4.2 Greedy-Based Task Allocation Algorithm

As the task allocation problem is NP-hard, an algorithm based on greedy strategy is designed to obtain an approximate solution in polynomial time. Firstly, let \(\mathcal {X}\) be the set of decision variable \(x_i^j\) whose initial value is 0. The GBTA algorithm contains multiple iterations and the algorithm always selects the bid which most improves the profit of the platform within the budget constraints of tasks in each iteration. That is to say, if there is a bid \(c_i^j\) that makes \(\alpha _iG_j-c_i^j\) the largest non-negative value, the task \(t_j\) will be allocated to user \(u_i\), i,e., \(x_i^j=1\). Moreover, if there is no bid to meet the budget constraint or make non-negative profit in bid data of a user, the user will be not assigned tasks. Since each user is assigned at most one task, the user \(u_i\) should be removed from the user set \(\mathcal {U}\) after a task is allocated to the user and GBTA terminates when the user set is empty.
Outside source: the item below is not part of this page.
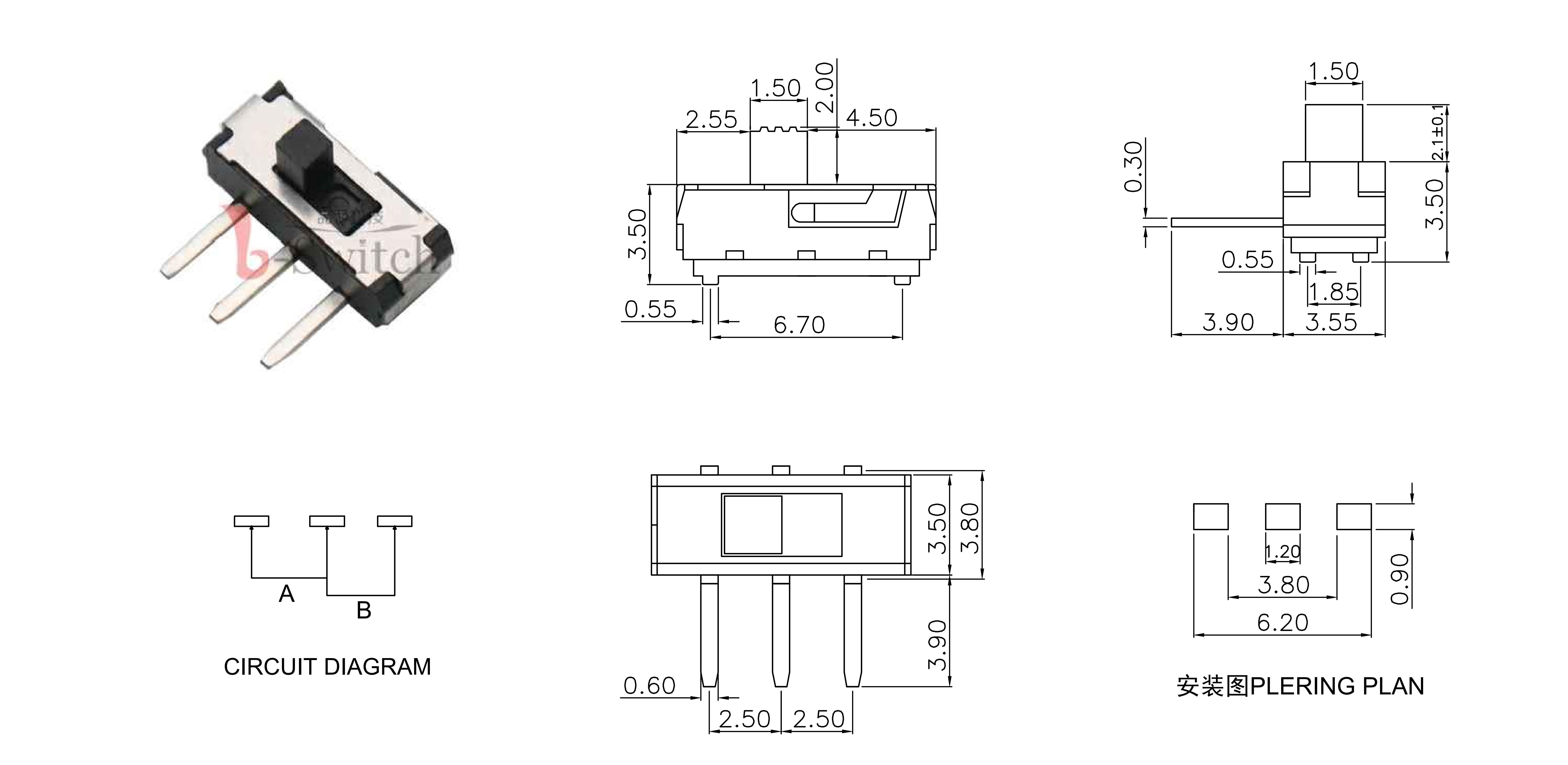 CONTACT ARRANGEMENT: 1P2T SLIDE SWITCH

The detailed GBTA algorithm is as shown as Algorithm 1. From step 2 to step 5, we construct a candidate task set for each user, in which each task has enough budget and the profit of the platform will be improved by assigning the task to the user. If the candidate task set of a user \(u_i\) is empty, the user will not be assigned any task. Then, a winning bid which produces largest non-negative profit \(\alpha _iG_j-c_i^j\) within task budget constraint is determined in step 6–11 for each iteration and we record the index of the winning bid. When a bid \(c_i^j\) is winning bid, the task \(t_j\) will be allocated to the user \(u_i\). Thus, we remove the user who has been assigned a task from the user set and update the budget of the task \(t_j\) in step 12–14.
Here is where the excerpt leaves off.